Pink Floyd song is recreated from brain activity, sending art to the Moon

Science


Musical notes
Musical machine learning: researchers have used artificial intelligence to recreate a song from brain waves. (Courtesy: iStock/Just Super)

In an amazing experiment done at the University of California, Berkeley, researchers have reconstructed music from listeners’ brain activity. Robert Knight and colleagues had 29 people listen to Pink Floyd’s “Another Brick in the Wall, Part 1” while measuring their brain activity. The subjects were participating in a study of epilepsy and already had arrays of electrodes implanted in their brains.

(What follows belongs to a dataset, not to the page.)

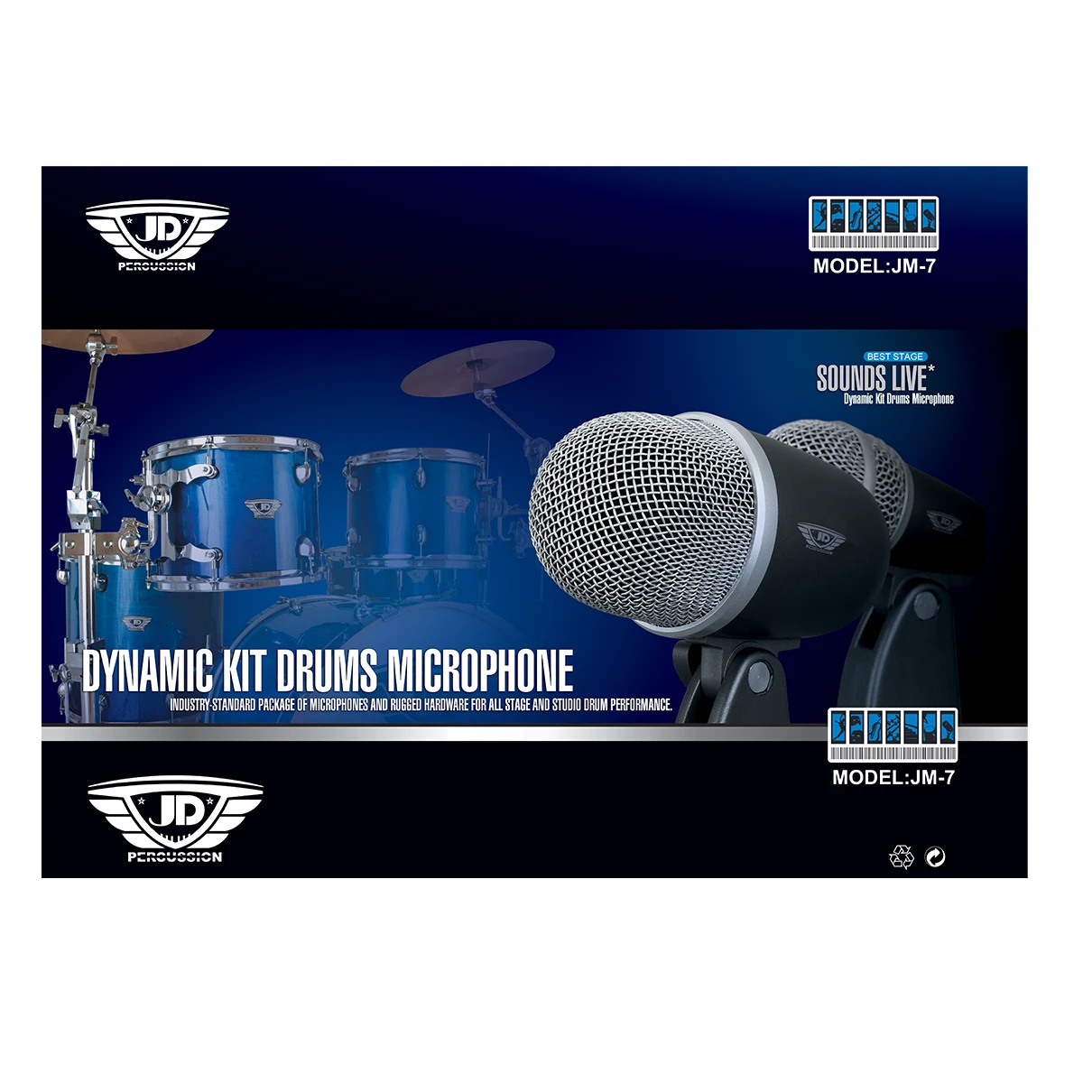 - Complete Drum Kit Microphone Set: The JD Percussion 7 Piece Drum Mic Set includes 7 microphones, providing all the essential microphones for a full drum kit setup. It includes specialized mics for the snare, toms, kick drum, overheads, and more, ensuring every part of the drum kit is covered with clarity and precision.

The researchers focused on areas of the brain that are known to be involved in our perception of music. An artificial intelligence (AI) system was trained to recognize how people’s brains responded to different elements of the music such as rhythm and pitch. Then another AI system used this information to reconstruct a recognizable version of the Pink Floyd song.

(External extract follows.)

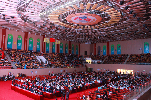 本网讯 为进一步传承红色基因,厚植爱国情怀,挖掘“红歌”丰富的思想内涵和精神实质,在学生思想教育工作中充分发挥其德育、美育功能,提高大学生艺术修养,丰富校园文化建设,12月19日晚,澳门网投在体育馆隆重举行“青春心向党,建功新时代”,庆祝新中国成立70周年红歌合唱比赛。董事会领导谢建平、莫秀全、叶小山,学校领导叶峥嵘、陈伊娜、苗德华、陈敬联、林显华、吴桂新、方泽强、江雪珍出席。相关职能部门领导、二级教学单位负责人和师生代表3000多人观看了比赛。
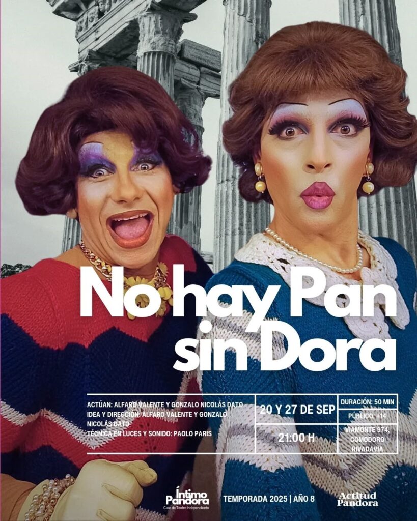 – En Actitud Pandora, a partir de las 21:00, se presenta “No hay Pan sin Dora”, una obra para reír de principio a fin, interpretada y dirigida por Alfaro Valente y Gonzalo Nicolás Dato. Reservas, al 297-4161200.

Writing about the research in Scientific American, Lucy Tu points out that the study could help scientists develop systems that convert brain waves into speech, which would be a boon to people who have lost the ability to speak. As to why the team chose that particular song, Tu reports that the researchers are big fans of Pink Floyd.

Art in space

That Pink Floyd song was released in 1979, but two years earlier two very special phonographic discs were launched into space on board NASA’s Voyager spacecraft. As well as holding encoded audio recordings and images of life on Earth, the disc was etched with instructions for playing the recording and basic information about the location of Earth and the solar system.

Now, the Canada-based physicist Samuel Peralta plans to do a similar thing for visual art by launching the Lunar Codex project. The idea is to load a Nanofiche with images of about 30,000 works of art and send the Nanofiche to the Moon.

So what exactly is a Nanofiche? It is a proprietary storage system that uses a sharply focussed laser to etch images onto a nickel-based substrate. These analogue images are expected to last billions of years in outer space; tens of millions of years on the surface of the Moon; and tens of thousands of years on Earth.

It’s not clear to me how colour images are going to be stored on a Nanofiche, which is a black-and-white technology as far as I can tell. But if you want to investigate this further, a good place to start is this article in The Guardian by Dorothy Dunn.